The current yields on FMPs are between 11 per cent and 12 per cent, up from around 10.5 per cent a few months ago
The current yields on FMPs are between 11 per cent and 12 per cent, up from around 10.5 per cent a few months ago
Since money market rates shot up a few weeks ago, fixed maturity plans (FMPs) now offer higher indicative yields. The current yields on FMPs are between 11 per cent and 12 per cent, up from around 10.5 per cent just a few months ago. Sure, it's a sign of the times as the credit crunch is pushing up interest rates. And the higher indicative yields are luring many investors to park their money in FMPs. Assets under management of FMPs have increased considerably in the last four months to Rs 1,02,133 crore currently.

Yet, when investing in FMPs, don't throw caution to the wind. FMPs, typically, buy paper that mature simultaneously, and they return the investments back to the investor when the tenure ends. This strategy helps avoid market volatility and the final realisation is largely predictable, though this depends on how well the fund manager is able to deploy his corpus. This also helps in estimating the indicative yields, though this could change when the final deployment is made.

Lately, fund houses have become aggressive in their quest for returns, and are investing in higher-yielding investments. This increases the chances of a default, particularly if the fund has invested in sectors such as real estate, where higher interest rates have increased the chances of a default. Even if, say, there's a default of 5 per cent of the corpus, then you will hardly gain anything from your FMP. In fact, in a three-month FMP, you will actually lose money.

This is not to say that all FMPs are bad. Fund houses usually disclose the asset class that they will invest in, and the tenure of FMP. If the investments are in sectors such as real estate that are likely to be impacted by the slowdown, then avoid such FMPs. On the other hand, if an FMP invests in, say, bank commercial deposits or AAA-rated paper of the manufacturing sector, then you might want to go ahead with that investment.
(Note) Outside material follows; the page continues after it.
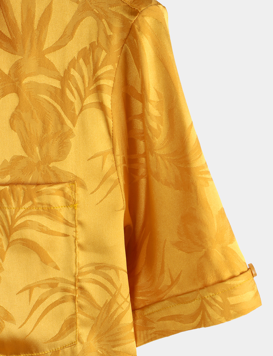 - Button up short sleeve shirt with front pocket and unique jacquard design
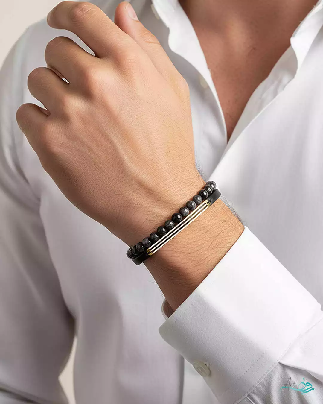 - دستبند چرم و طلا تخت و سنگ انیکس

Unlike equity investor, investors in FMPs typically don't want to take a risk with their investments. So, don't get lured by higher interest rates. It's better to sacrifice a bit of yield, which is just about 1 per cent. Do look at the ratings of the planned portfolio before investing in an FMP. Also, assess the track record of the issuing fund house and compare how the FMPs have fared against their promises. If there's a divergence, it's better to avoid the fixed maturity plans of the fund house. Stick to shorter-tenure maturity plans for now, as they mitigate the risk of holding longterm paper. Just make sure you do your homework.